===== Input material

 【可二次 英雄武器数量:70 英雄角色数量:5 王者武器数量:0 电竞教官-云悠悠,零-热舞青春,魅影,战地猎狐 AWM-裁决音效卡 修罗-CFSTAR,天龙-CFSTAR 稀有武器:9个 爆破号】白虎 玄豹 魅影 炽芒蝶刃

==========
===== Input material

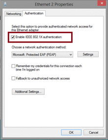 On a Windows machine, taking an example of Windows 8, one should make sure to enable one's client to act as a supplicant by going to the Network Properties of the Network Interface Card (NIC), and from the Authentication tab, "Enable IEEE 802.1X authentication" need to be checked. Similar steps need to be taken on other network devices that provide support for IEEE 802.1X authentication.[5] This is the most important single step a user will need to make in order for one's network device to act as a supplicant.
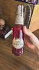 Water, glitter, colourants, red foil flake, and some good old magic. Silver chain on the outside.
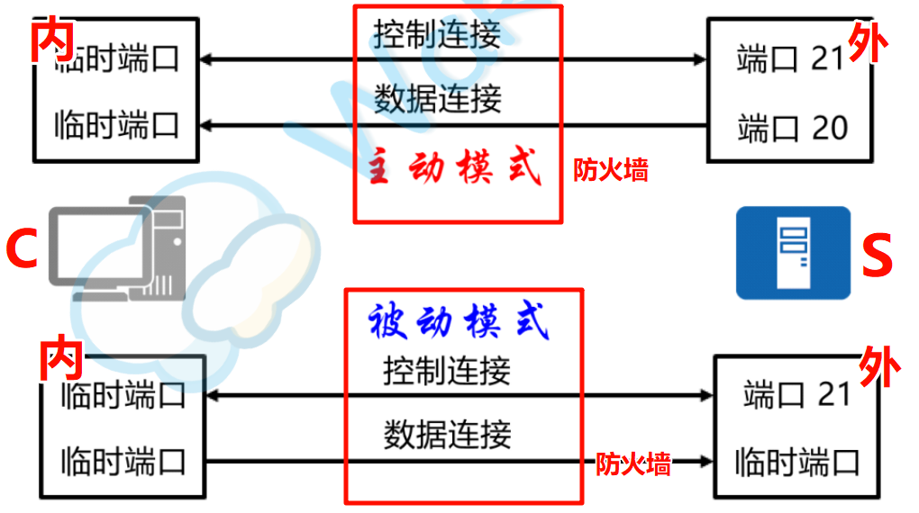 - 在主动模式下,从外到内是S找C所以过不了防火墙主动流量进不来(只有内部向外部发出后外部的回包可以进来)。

==========

## [Aim of the task]
Of the records above, print only the lines from the one containing "On a Windows" through the one containing "- 在主动模式下,从外到内是", inclusive and unaltered, leaving out pictures.

## [Written solution]
 On a Windows machine, taking an example of Windows 8, one should make sure to enable one's client to act as a supplicant by going to the Network Properties of the Network Interface Card (NIC), and from the Authentication tab, "Enable IEEE 802.1X authentication" need to be checked. Similar steps need to be taken on other network devices that provide support for IEEE 802.1X authentication.[5] This is the most important single step a user will need to make in order for one's network device to act as a supplicant.
 Water, glitter, colourants, red foil flake, and some good old magic. Silver chain on the outside.
 - 在主动模式下,从外到内是S找C所以过不了防火墙主动流量进不来(只有内部向外部发出后外部的回包可以进来)。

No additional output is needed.